Dopamin und seine Abbauwege

Dopamin wird in dopaminergen Neuronen aus der Aminosäure L-Tyrosin synthetisiert. Nach der Freisetzung in den synaptischen Spalt kann Dopamin an Dopaminrezeptoren binden und so eine Signalübertragung auslösen. Um die Signalübertragung zu beenden und den Dopaminspiegel zu regulieren, gibt es verschiedene Abbauwege:

  • Wiederaufnahme: Dopamin wird durch den Dopamintransporter (DAT) aus dem synaptischen Spalt in die präsynaptische Zelle aufgenommen. Dort kann es entweder wieder in Vesikel eingelagert oder durch die Monoaminooxidase (MAO) abgebaut werden.
  • Enzymatischer Abbau: Dopamin kann durch die Enzyme COMT und MAO abgebaut werden. COMT katalysiert die O-Methylierung von Dopamin, während MAO die oxidative Desaminierung katalysiert.
  • Weitere Abbauwege: Dopamin kann auch durch Sulfatierung oder Glucuronidierung deaktiviert sowie durch Verstoffwechselung in Noradrenalin umgewandelt werden.
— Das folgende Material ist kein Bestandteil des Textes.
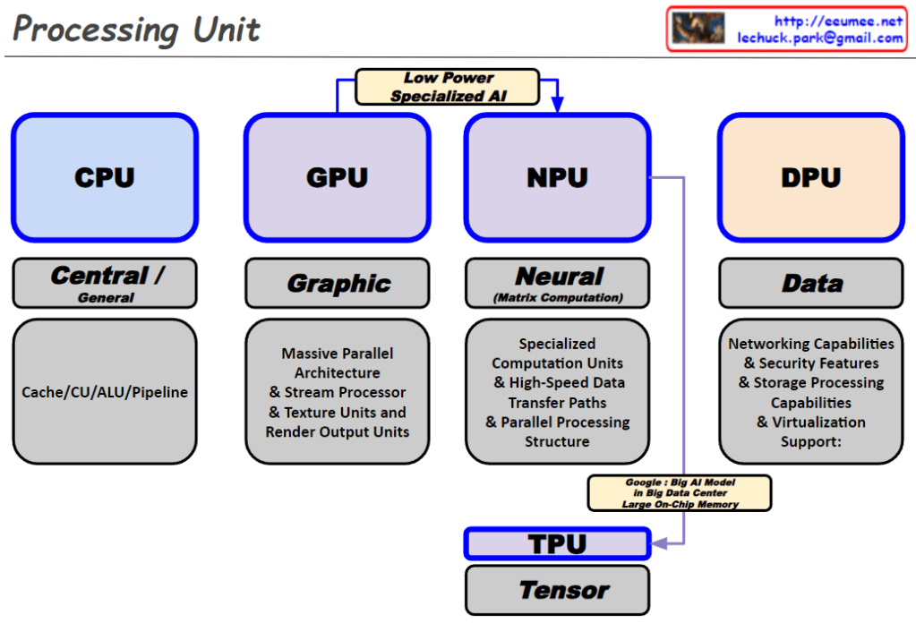 NPU and TPU are differentiated by their low power, specialized AI purpose.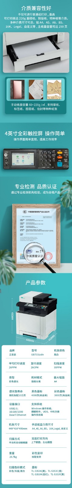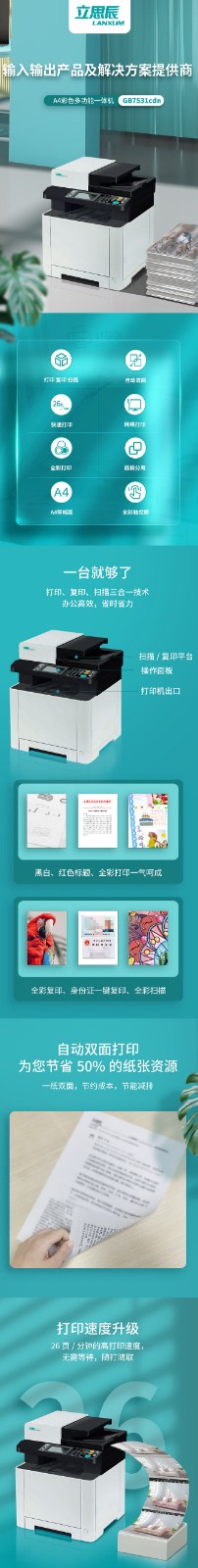 立思辰/LANXUM GB7531cdn A4 彩色打印机 功能一体机 打印/扫描/复印 自动双面 自动输稿器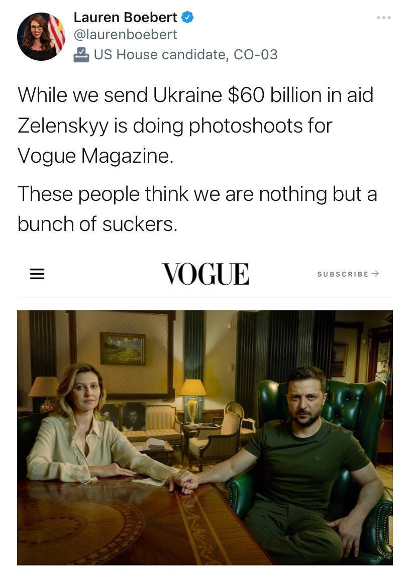 While we send Ukraine $60 billion in aid Zelenskyy is doing photoshoots for Vogue Magazine.

Die Rolle von COMT bei der Dopamin-Deaktivierung

COMT ist ein Enzym, das die O-Methylierung von Katecholaminen katalysiert, darunter Dopamin, Noradrenalin und Adrenalin. Durch die Hinzufügung einer Methylgruppe wird Dopamin in inaktive Metaboliten umgewandelt. COMT kommt in zwei Formen vor: membrangebundenes COMT (mb-COMT) und lösliches COMT. Während mb-COMT hauptsächlich im Striatum vorkommt, ist lösliches COMT vor allem im präfrontalen Kortex (PFC) zu finden.

Im Striatum wird Dopamin hauptsächlich durch mb-COMT abgebaut. Im PFC hingegen spielt lösliches COMT eine wichtigere Rolle beim Dopaminabbau. Studien haben gezeigt, dass COMT etwa 60 % des Dopaminabbaus im PFC und etwa 15 % des Dopaminabbaus im Striatum bewirkt.

COMT-Polymorphismen und ihre Auswirkungen

Das Gen, das für COMT kodiert, weist einen Polymorphismus auf, der die Aktivität des Enzyms beeinflusst. Dieser Polymorphismus betrifft eine einzelne Nukleotid-Variation (SNP) im Gen, die zu einem Aminosäureaustausch an Position 158 führt. Es gibt zwei häufige Allele: Valin (Val) und Methionin (Met).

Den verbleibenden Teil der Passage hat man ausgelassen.